F# Compiler Guide


Debug emit

The F# compiler code base emits debug information and attributes. This article documents what we do, how it is implemented and the problem areas in our implementation.

There are mistakes and missing pieces to our debug information. Small improvements can make a major difference. Please help us fix mistakes and get things right.

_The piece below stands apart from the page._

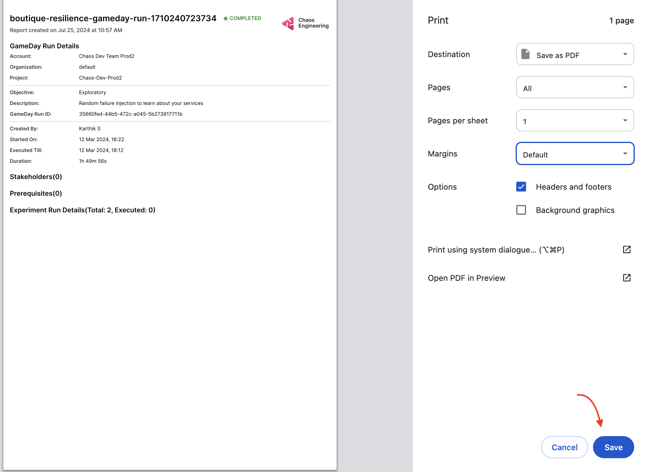 Download GameDay run report

The file tests\walkthroughs\DebugStepping\TheBigFileOfDebugStepping.fsx is crucial for testing the stepping experience for a range of constructs.

User experiences

Debugging information affects numerous user experiences:

Some experiences are un-implemented by F# including:

Emitted information

Emitted debug information includes:

We almost always now emit the Portable PDB format.

Design-time services

IDE tooling performs queries into the F# language service, notably:

Debugging and optimization

Nearly all optimizations are off when debug code is being generated.

Otherwise, what comes out of the type checker is pretty much what goes into IlxGen.fs.

Debug points

Terminology

We use the terms "sequence point" and "debug point" interchangeably. The word "sequence" has too many meanings in the F# compiler so in the actual code you'll see "DebugPoint" more often, though for abbreviations you may see spFoo or mFoo.

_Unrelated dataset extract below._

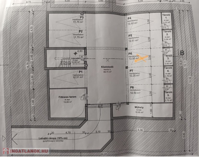 A hirdetéshez alaprajz tartozik,amelyen a P2-P3-as beálló képezi az eladás tárgyát.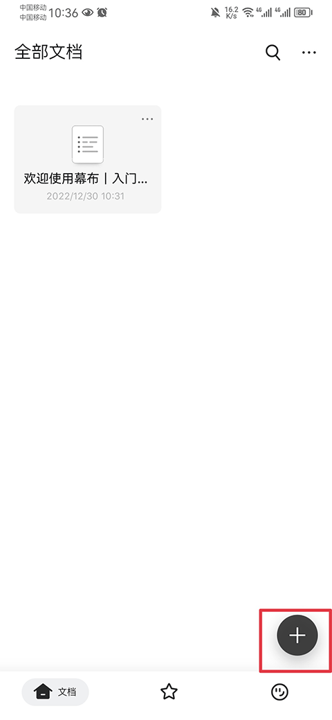 1.新建文档:进入文档页面后,点击“+”号来创建新文档。

How breakpoints work (high level)

Breakpoints have two existences which must give matching behavior:

This means there is an invariant that ValidateBreakpointLocation and the emitted IL debug points correspond.

NOTE: The IL code can and does contain extra debug points that don't pass ValidateBreakpointLocation. It won't be possible to set a breakpoint for these, but they will appear in stepping.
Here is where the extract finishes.